As for meat and protein products, I’ve eaten this with grilled chicken, spicy pork, shortribs, fried tofu, and a random selection of chopped up leftover meats; they were all delicious, but if you’re vegetarian or trying to save cash or merely reducing your meat intake, I don’t think meat is entirely necessary in this hearty dish, especially if you top it with an egg.
On the other hand, gochujang (Korean sweet and spicy chili pepper paste) is absolutely essential to flavoring this dish. I found mine at Whole Foods, but for those who plan ahead better than I did, it’s cheaper at your local Asian market or even on Amazon.
1 c. brown rice
1 Tbsp. toasted sesame oil
1 zucchini, julienned or coarsely grated
1 cucumber, julienned or coarsely grated
2 carrots, julienned or coarsely grated
1 c. kimchi (if you have excess sauerkraut, convert it to Fake Kimchi)
1 Tbsp. butter
chicken, beef or pork, cooked and chopped (optional)
gochujang (Korean sweet and spicy chili pepper paste)
Cook brown rice per package instructions. For me, this meant boiling 2 c. water, then adding 1 c. brown rice, and bringing it back to a boil. Then I reduced the heat to low to bring it to a simmer, covered the pot of rice, and cooked it until water was absorbed, about 25 to 30 minutes. Finally, I removed the pot from the heat, and let stand (covered) 10 minutes to allow it to steam.
Meanwhile, prep zucchini and carrots, and toss with 1 Tbsp. toasted sesame oil. (Often, I saute the veggies for just a couple minutes over medium heat; other times I leave them raw.) If needed, prep Fake Kimchi. If using meat, cook it however you prefer or chop up leftovers. Set veggies and meat aside.

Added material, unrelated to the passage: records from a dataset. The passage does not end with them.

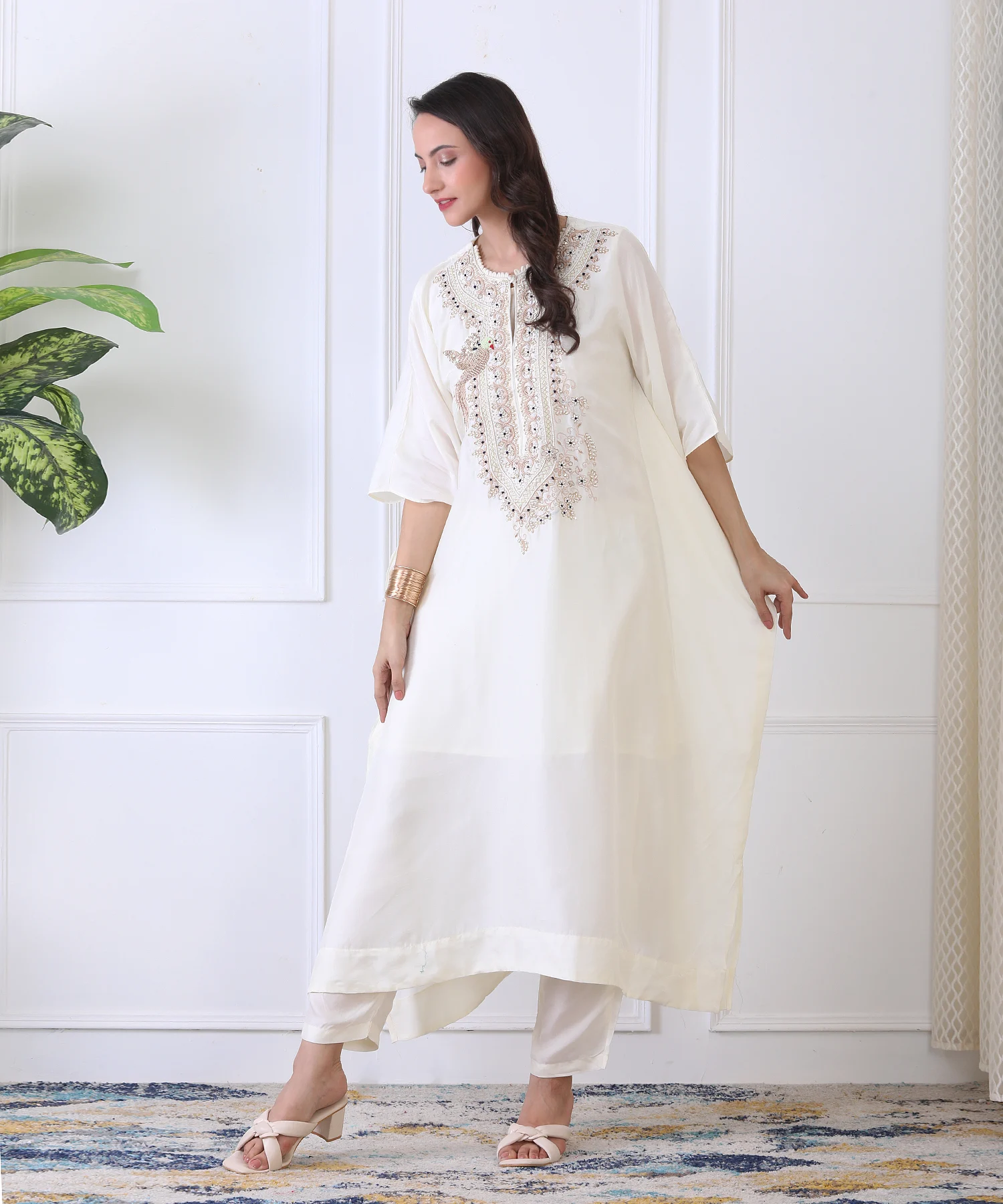 Make every occasion memorable in this Off-White Silk Kaftan Co-ord Set. The luxurious kaftan is adorned with delicate Zardozi hand embroidery along the neckline, reflecting timeless artistry and elegance. Paired with tailored straight pants, it creates a harmonious look that is both stylish and comfortable. Perfect for festive events, social gatherings, or a sophisticated evening out, this set flows gracefully, highlighting your poise and confidence. Soft, elegant, and exquisitely detailed, it’s a celebration of craftsmanship and contemporary design. Step in, shine, and let the subtle shimmer of embroidery speak volumes about your refined taste.
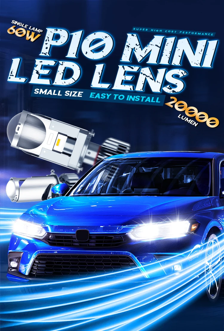 NEW P10 60W 8-32V 10000LM 6000K Customized CHIP MINI led projector lens h4
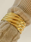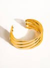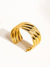 18K Gold Non-Tarnish Wavy Bold Bangle 18K Gold Plating Stainless Steel Measurement (L x W inch): 2.3 Diameter Width: 1.1 - Lead-free, Nickel-safe - Hypoallergenic - Water Resistant
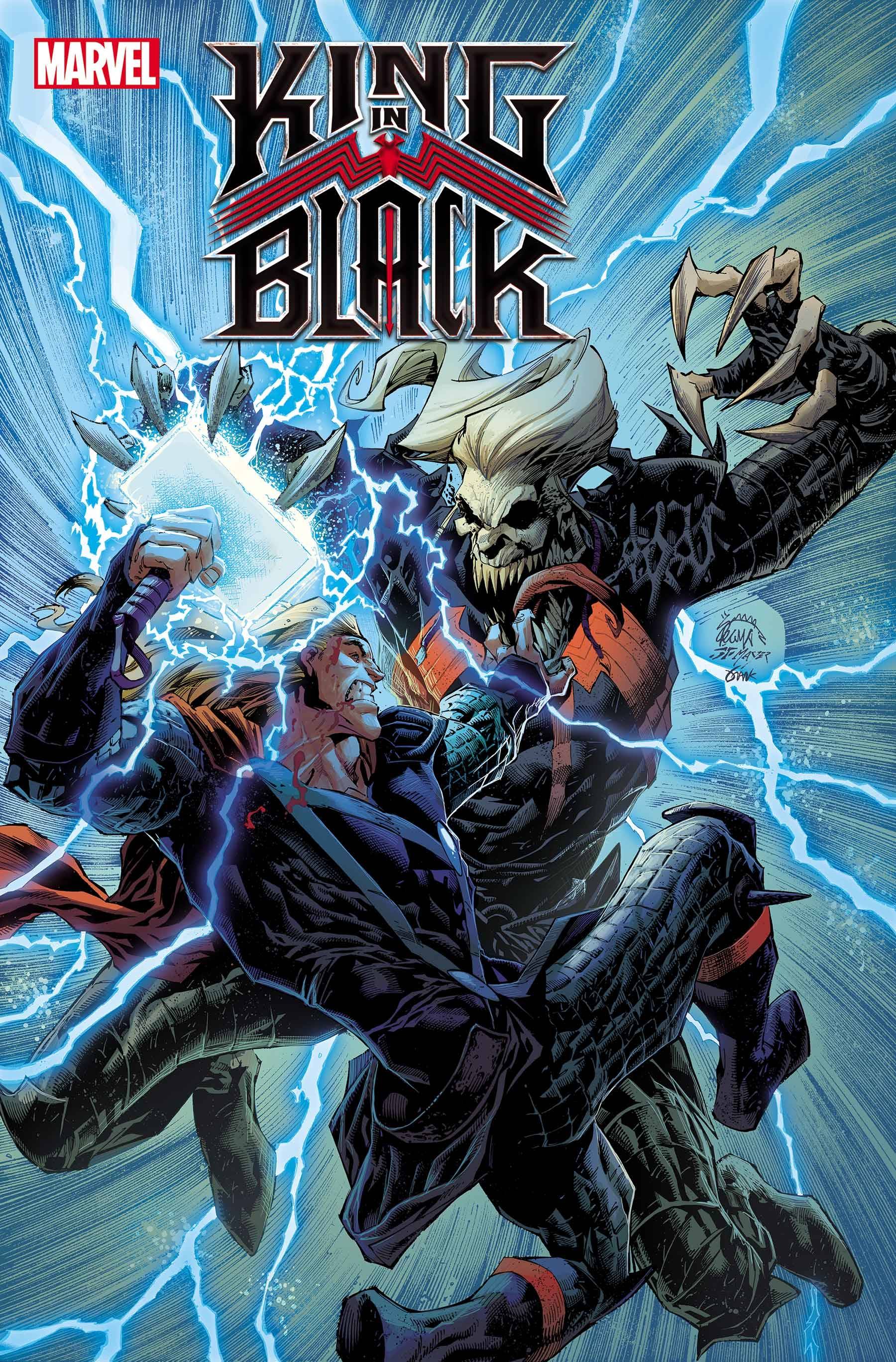Next from Marvel comes King in Black #3! After last issue's shocking finale, the heroes of the Marvel Universe are reeling. Outgunned and outmanned, but never outdone, they unite and face KNULL, God of the Abyss, as he ensnares the planet in the darkness of his reign! Superstars DONNY CATES and RYAN STEGMAN continue to raise the game - and the stakes for the Marvel Universe in this Earth-shattering epic! Main cover by Ryan Stegman, Tattoo variant by Ian Bederman, Alien variant by Valerio Giangiordano, Lashley spoiler variant, Yu connecting variant.

Just a few minutes before serving, heat up a pan over low heat, and melt the butter. Once butter has melted, crack eggs into the pan, and sprinkle lightly with salt and pepper. Fry them sunny side up until white part around yolk has set but yolk is still a bit runny (unless you prefer a firm yolk – then by all means cook it to desired consistency), about 3 to 5 minutes.
While your pan is heating up for the eggs, prep the serving bowls by scooping rice into the bottom and layering veggies, kimchi and meat on top. Top each bowl with a fried egg, and drizzle very generously with gochujang.